____ Input material

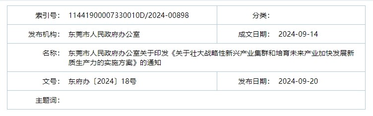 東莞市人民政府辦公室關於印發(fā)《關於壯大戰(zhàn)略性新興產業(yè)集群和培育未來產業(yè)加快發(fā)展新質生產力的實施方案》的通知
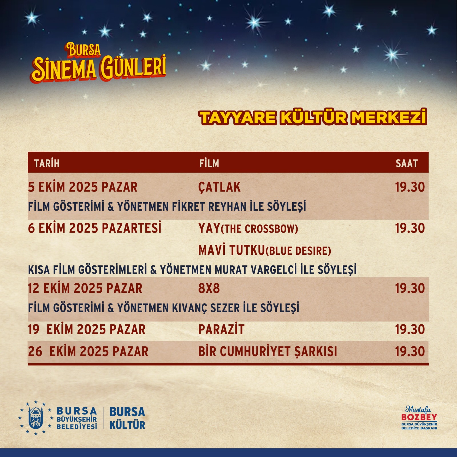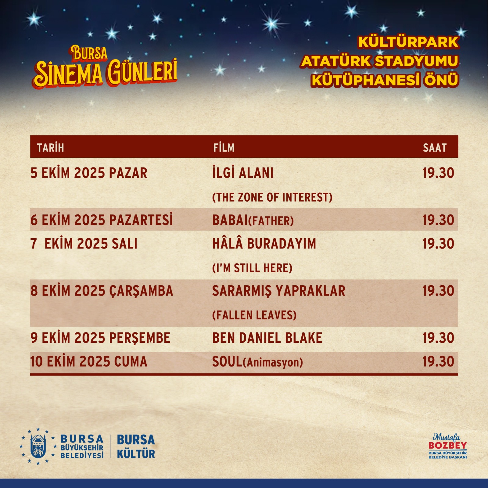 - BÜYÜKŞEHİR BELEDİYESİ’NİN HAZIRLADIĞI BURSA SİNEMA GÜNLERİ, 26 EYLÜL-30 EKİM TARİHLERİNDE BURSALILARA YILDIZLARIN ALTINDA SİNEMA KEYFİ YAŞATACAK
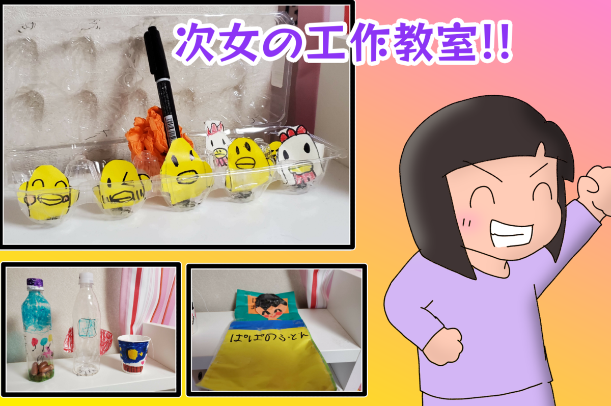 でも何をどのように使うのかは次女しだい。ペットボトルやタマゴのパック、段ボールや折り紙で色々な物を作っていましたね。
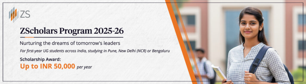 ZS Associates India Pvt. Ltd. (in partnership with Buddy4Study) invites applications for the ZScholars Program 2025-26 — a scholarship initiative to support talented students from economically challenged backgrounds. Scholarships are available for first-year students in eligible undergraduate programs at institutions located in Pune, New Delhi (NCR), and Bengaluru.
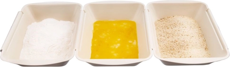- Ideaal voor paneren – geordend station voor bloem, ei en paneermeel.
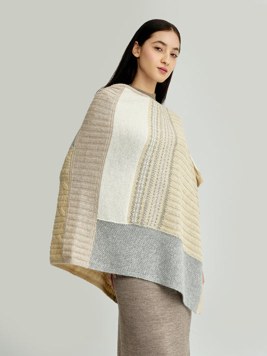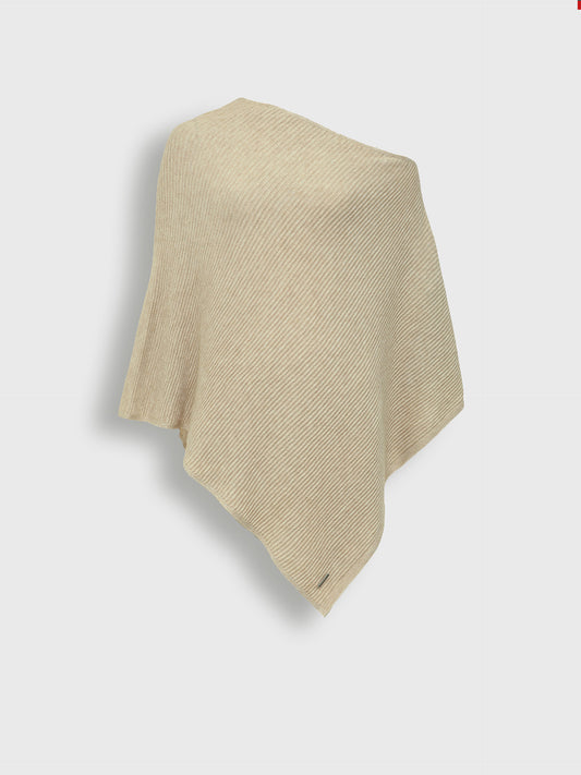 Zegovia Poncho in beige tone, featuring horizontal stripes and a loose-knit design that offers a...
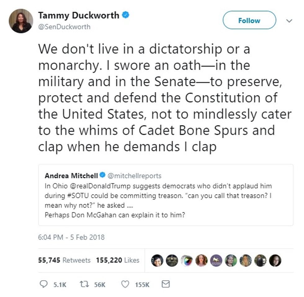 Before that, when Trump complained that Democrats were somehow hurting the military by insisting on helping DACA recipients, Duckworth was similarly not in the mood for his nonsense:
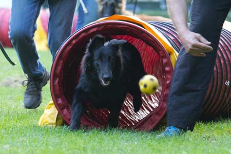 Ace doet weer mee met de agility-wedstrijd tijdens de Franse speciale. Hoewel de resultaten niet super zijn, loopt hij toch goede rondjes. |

________
____ Input material

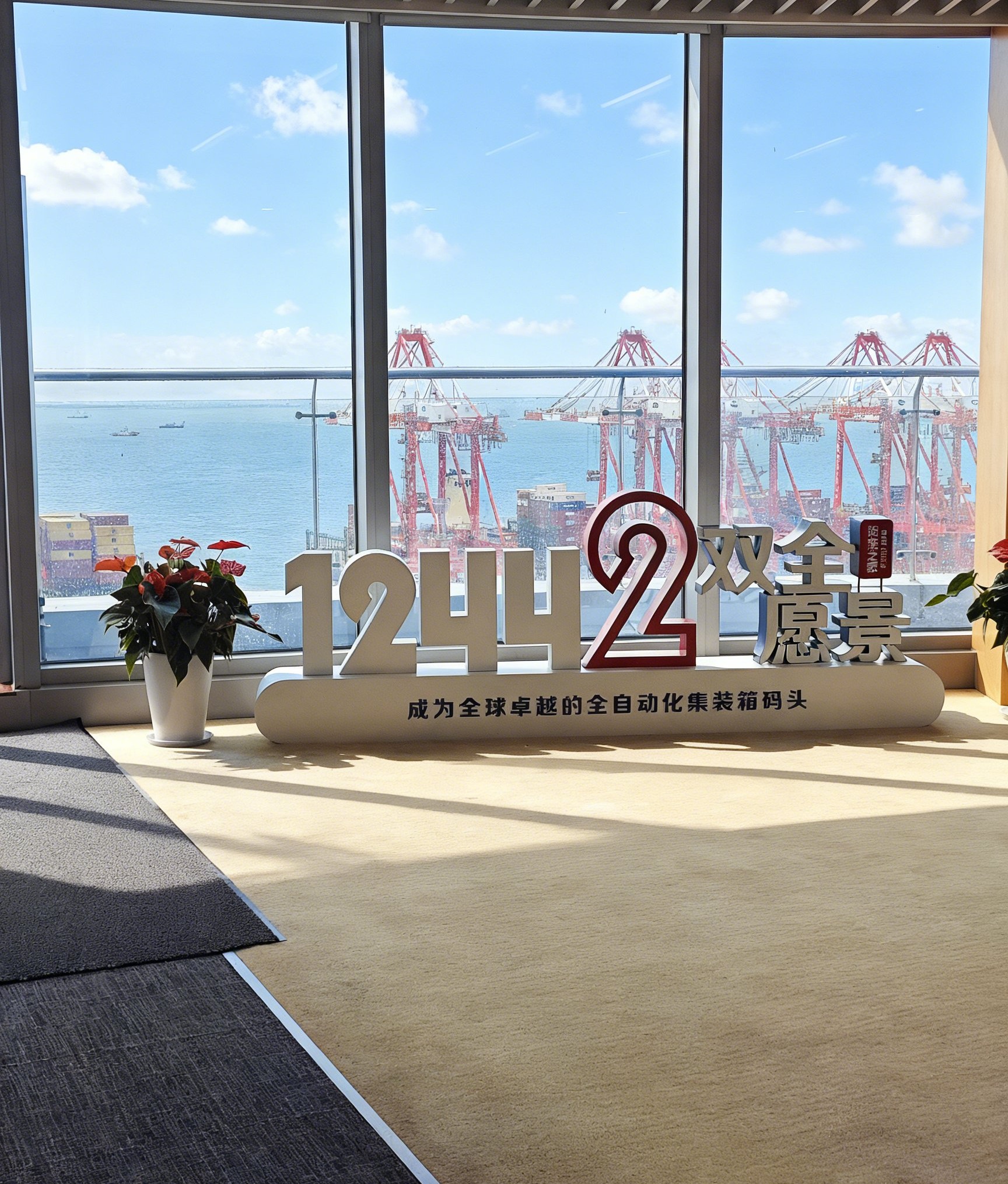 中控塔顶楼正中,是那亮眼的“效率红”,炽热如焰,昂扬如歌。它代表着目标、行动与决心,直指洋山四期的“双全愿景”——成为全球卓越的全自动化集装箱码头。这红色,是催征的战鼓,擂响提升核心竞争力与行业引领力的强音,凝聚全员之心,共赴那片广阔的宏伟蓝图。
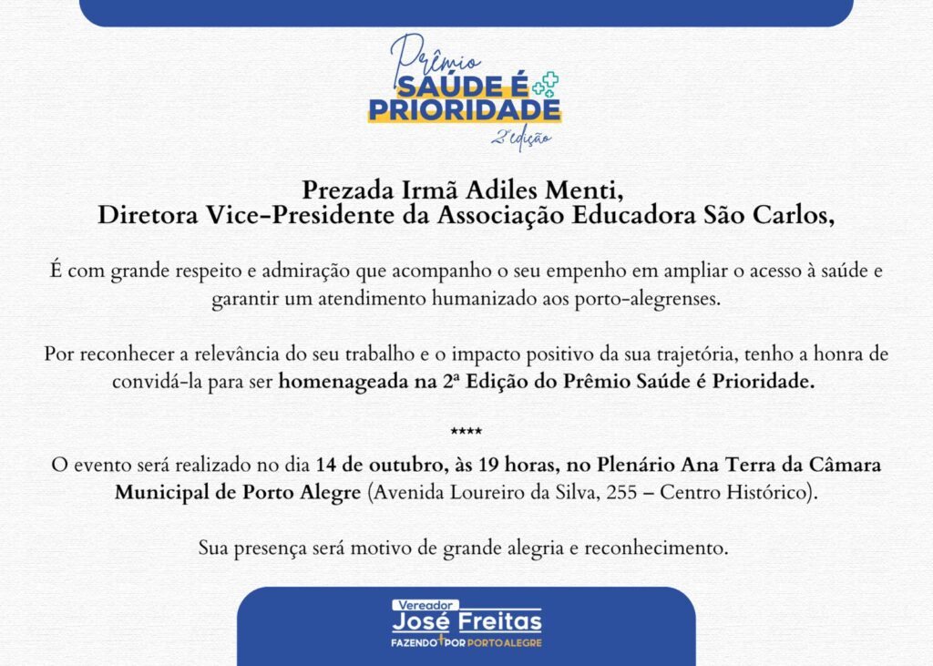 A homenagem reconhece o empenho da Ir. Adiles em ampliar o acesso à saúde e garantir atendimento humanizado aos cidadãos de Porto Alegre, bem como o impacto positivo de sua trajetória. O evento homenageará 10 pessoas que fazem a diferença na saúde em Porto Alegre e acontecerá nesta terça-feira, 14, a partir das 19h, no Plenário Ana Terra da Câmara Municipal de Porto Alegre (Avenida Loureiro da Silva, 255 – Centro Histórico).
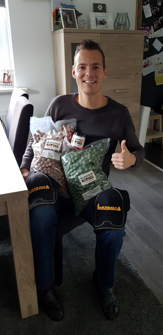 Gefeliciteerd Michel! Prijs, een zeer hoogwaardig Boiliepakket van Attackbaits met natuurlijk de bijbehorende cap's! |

________
____ Input material

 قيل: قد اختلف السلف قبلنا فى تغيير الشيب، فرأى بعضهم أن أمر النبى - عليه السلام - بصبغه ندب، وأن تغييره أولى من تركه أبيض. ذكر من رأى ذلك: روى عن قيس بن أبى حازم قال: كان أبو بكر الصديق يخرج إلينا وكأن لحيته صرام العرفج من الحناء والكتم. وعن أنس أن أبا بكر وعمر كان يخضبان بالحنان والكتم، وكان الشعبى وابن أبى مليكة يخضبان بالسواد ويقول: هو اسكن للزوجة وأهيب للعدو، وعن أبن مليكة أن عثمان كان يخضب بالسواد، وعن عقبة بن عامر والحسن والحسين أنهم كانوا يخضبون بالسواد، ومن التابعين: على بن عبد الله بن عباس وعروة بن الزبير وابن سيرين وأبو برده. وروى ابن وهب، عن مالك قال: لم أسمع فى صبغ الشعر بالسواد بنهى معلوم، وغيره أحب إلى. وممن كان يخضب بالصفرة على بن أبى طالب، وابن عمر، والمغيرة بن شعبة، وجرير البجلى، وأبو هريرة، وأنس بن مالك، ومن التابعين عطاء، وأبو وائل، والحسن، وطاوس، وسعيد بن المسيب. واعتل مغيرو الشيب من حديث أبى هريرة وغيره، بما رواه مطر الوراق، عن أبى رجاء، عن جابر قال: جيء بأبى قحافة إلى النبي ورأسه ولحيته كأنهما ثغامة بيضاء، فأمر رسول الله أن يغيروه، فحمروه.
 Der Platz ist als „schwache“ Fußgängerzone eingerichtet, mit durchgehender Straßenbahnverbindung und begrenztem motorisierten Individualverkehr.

________

> [Exercise directions]:
Return exactly the lines of the material above, starting at the line containing "東莞市人民政府辦公室關於印發" and finishing at the line containing "Ace doet weer", without any pictures.

> [Reply to the exercise]:
 東莞市人民政府辦公室關於印發(fā)《關於壯大戰(zhàn)略性新興產業(yè)集群和培育未來產業(yè)加快發(fā)展新質生產力的實施方案》的通知
 - BÜYÜKŞEHİR BELEDİYESİ’NİN HAZIRLADIĞI BURSA SİNEMA GÜNLERİ, 26 EYLÜL-30 EKİM TARİHLERİNDE BURSALILARA YILDIZLARIN ALTINDA SİNEMA KEYFİ YAŞATACAK
 でも何をどのように使うのかは次女しだい。ペットボトルやタマゴのパック、段ボールや折り紙で色々な物を作っていましたね。
 ZS Associates India Pvt. Ltd. (in partnership with Buddy4Study) invites applications for the ZScholars Program 2025-26 — a scholarship initiative to support talented students from economically challenged backgrounds. Scholarships are available for first-year students in eligible undergraduate programs at institutions located in Pune, New Delhi (NCR), and Bengaluru.
- Ideaal voor paneren – geordend station voor bloem, ei en paneermeel.
 Zegovia Poncho in beige tone, featuring horizontal stripes and a loose-knit design that offers a...
 Before that, when Trump complained that Democrats were somehow hurting the military by insisting on helping DACA recipients, Duckworth was similarly not in the mood for his nonsense:
 Ace doet weer mee met de agility-wedstrijd tijdens de Franse speciale. Hoewel de resultaten niet super zijn, loopt hij toch goede rondjes. |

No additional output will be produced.